EXCERPTED RECORDS below:
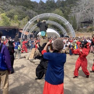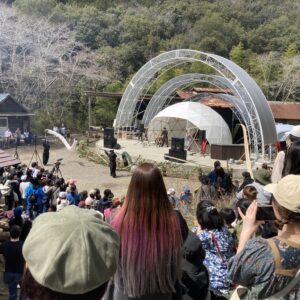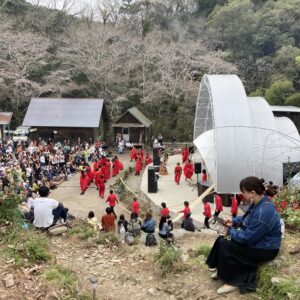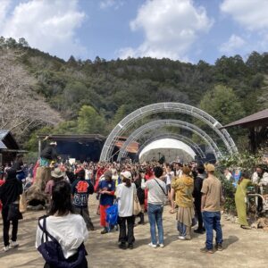 ステージの演目もこれまではあまり世に出てくる事がなかった山蔭古神道第80世の表博耀氏による創生神楽から、世界をまたにかけるタキオンミュージシャンKENTA HAYASHIや沖縄県出身HIPHOPラッパーOZworldまで、バラエティに富んだアーティスト達が揃い、偶発的に巻き起こる弥栄の声。季節的にもちょうど桜の開花が重なり、会場はカオスながらも何ともおめでたい雰囲気に包まれていました。
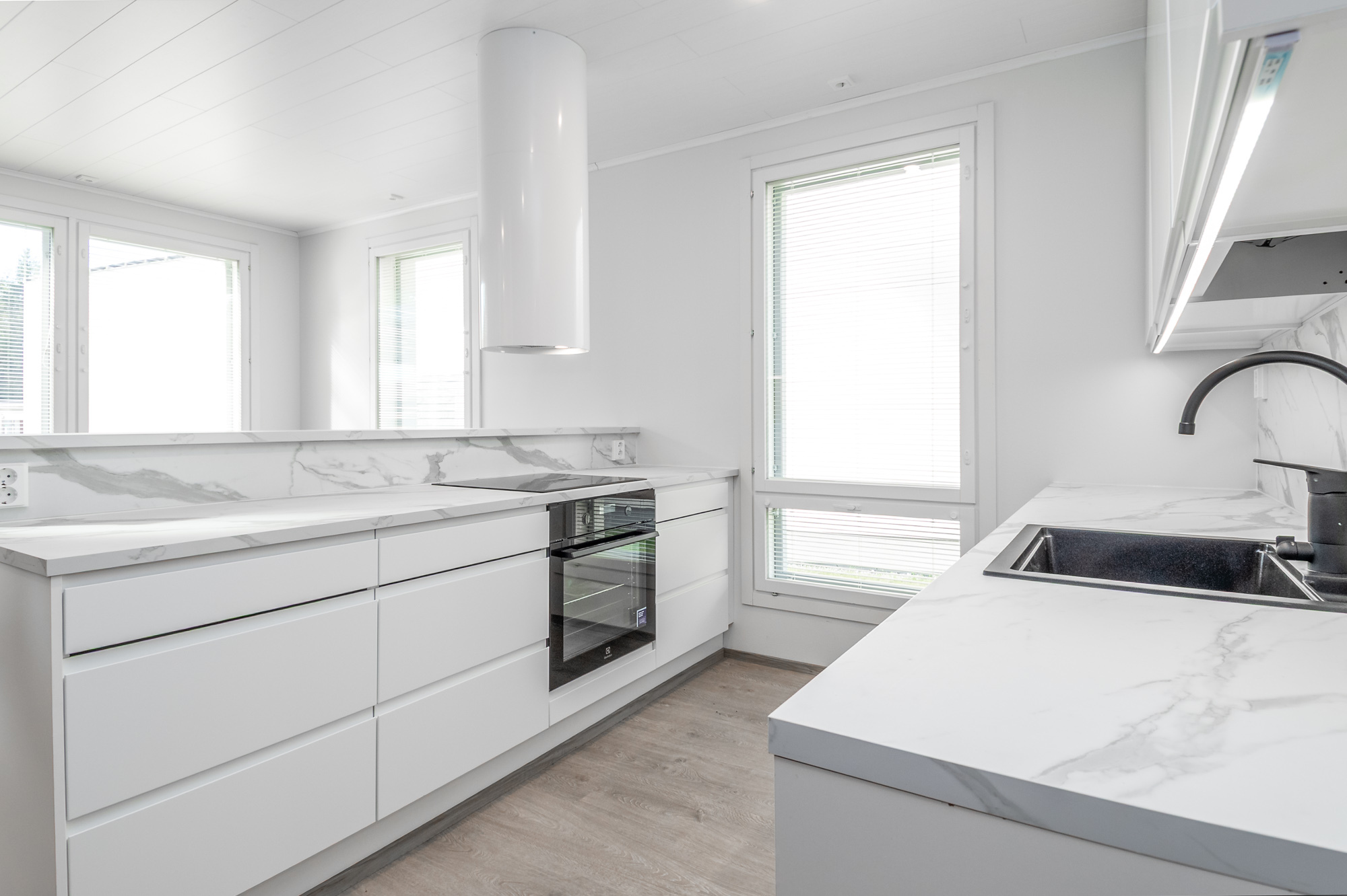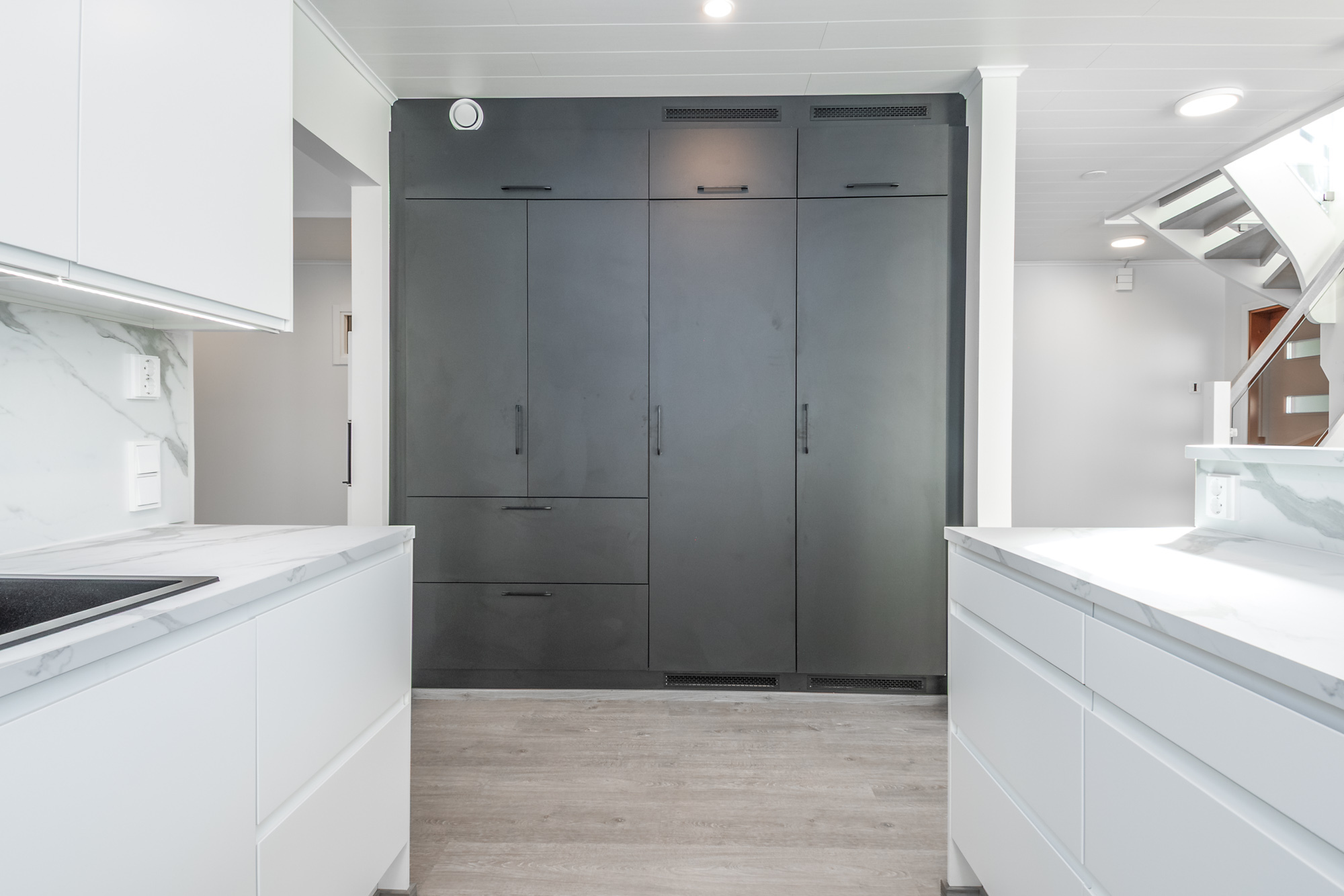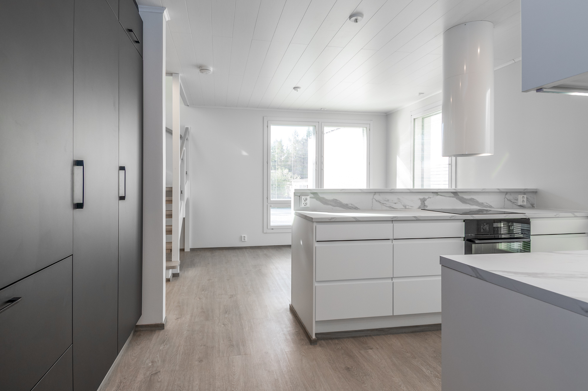 Keittiö yhdistyy yhdistyy ruokailutilaan muodostaen avaran kokonaisuuden. Kodinkoneet integroitu. Korkeat jääkaappi ja pakastinkaappi. Uuni, induktioliesi, liesituuletin. Asianpesukone.
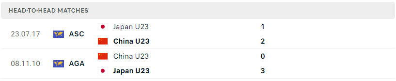 Thành tích đối đầu của U23 Nhật Bản vs U23 Trung Quốc
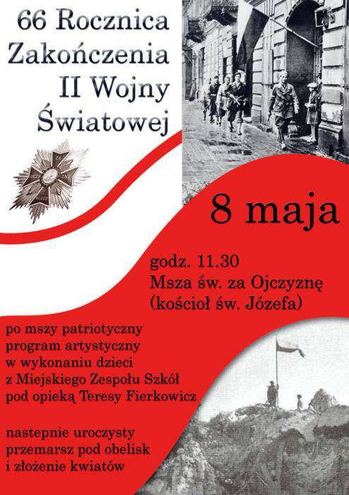 8 maja odbędą się uroczystości poświęcone 66 rocznicy zakończenia II Wojny Światowej.
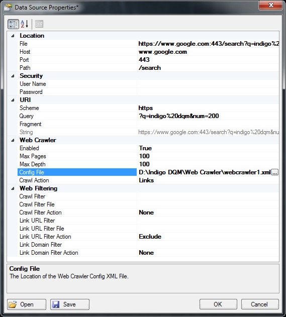 The Web Crawler can be configured using an XML File. Copy the example below to a directory and point the Web Crawler Config File in the Data Scraper to the new File. Change the parameters in the Config File as required.
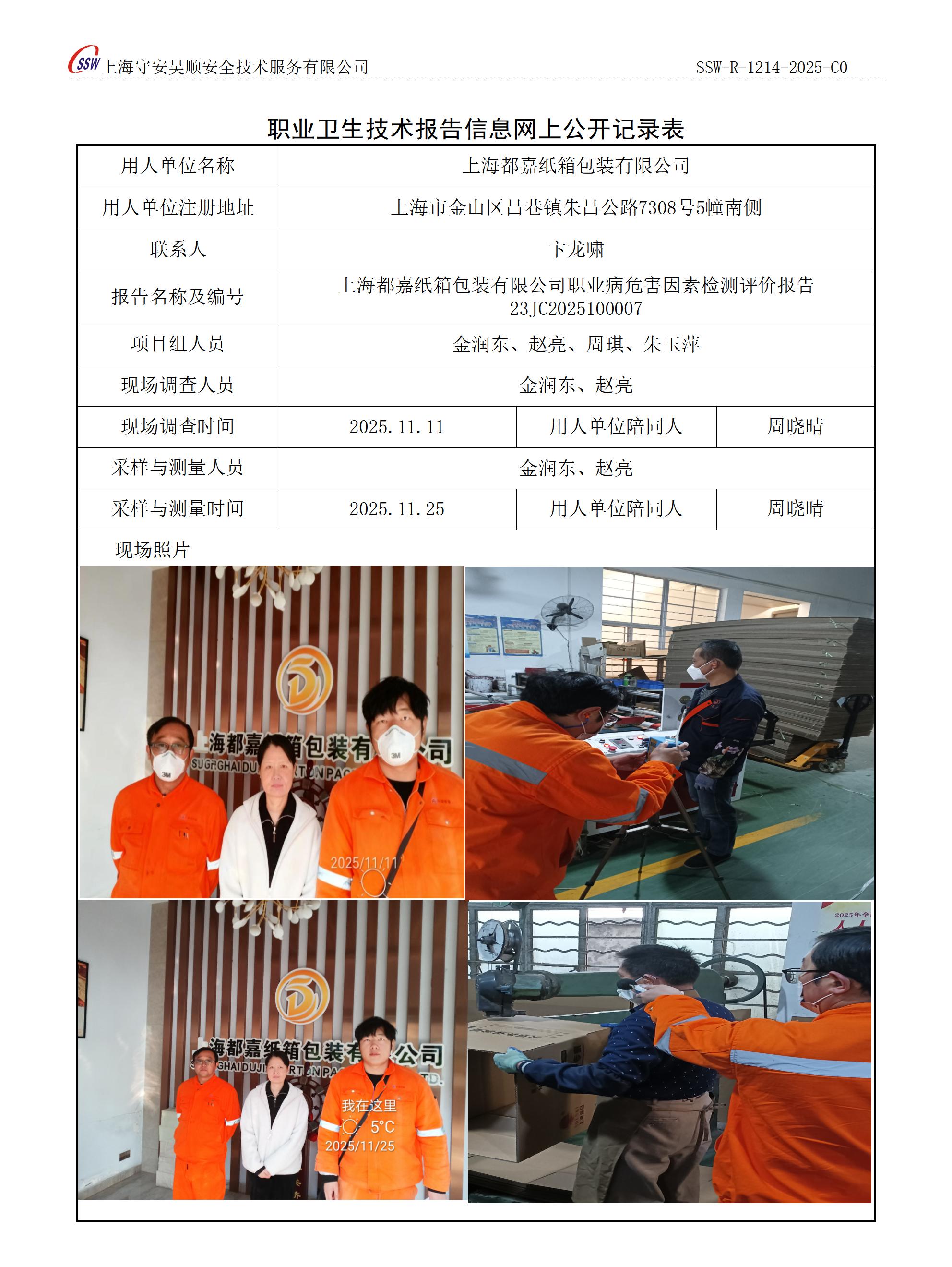 上海都嘉纸箱包装有限公司职业病危害因素定期检测
End of EXCERPTED RECORDS.
▸ **TASK ITEM**
Transcribe, word for word, the line holding "Keittiö yhdistyy yhdistyy" and all lines after it in the entries above, ending with the last. Only those lines; no pictures.

▸ **RESPONSE BELOW**
 Keittiö yhdistyy yhdistyy ruokailutilaan muodostaen avaran kokonaisuuden. Kodinkoneet integroitu. Korkeat jääkaappi ja pakastinkaappi. Uuni, induktioliesi, liesituuletin. Asianpesukone.
 Thành tích đối đầu của U23 Nhật Bản vs U23 Trung Quốc
 8 maja odbędą się uroczystości poświęcone 66 rocznicy zakończenia II Wojny Światowej.
 The Web Crawler can be configured using an XML File. Copy the example below to a directory and point the Web Crawler Config File in the Data Scraper to the new File. Change the parameters in the Config File as required.
 上海都嘉纸箱包装有限公司职业病危害因素定期检测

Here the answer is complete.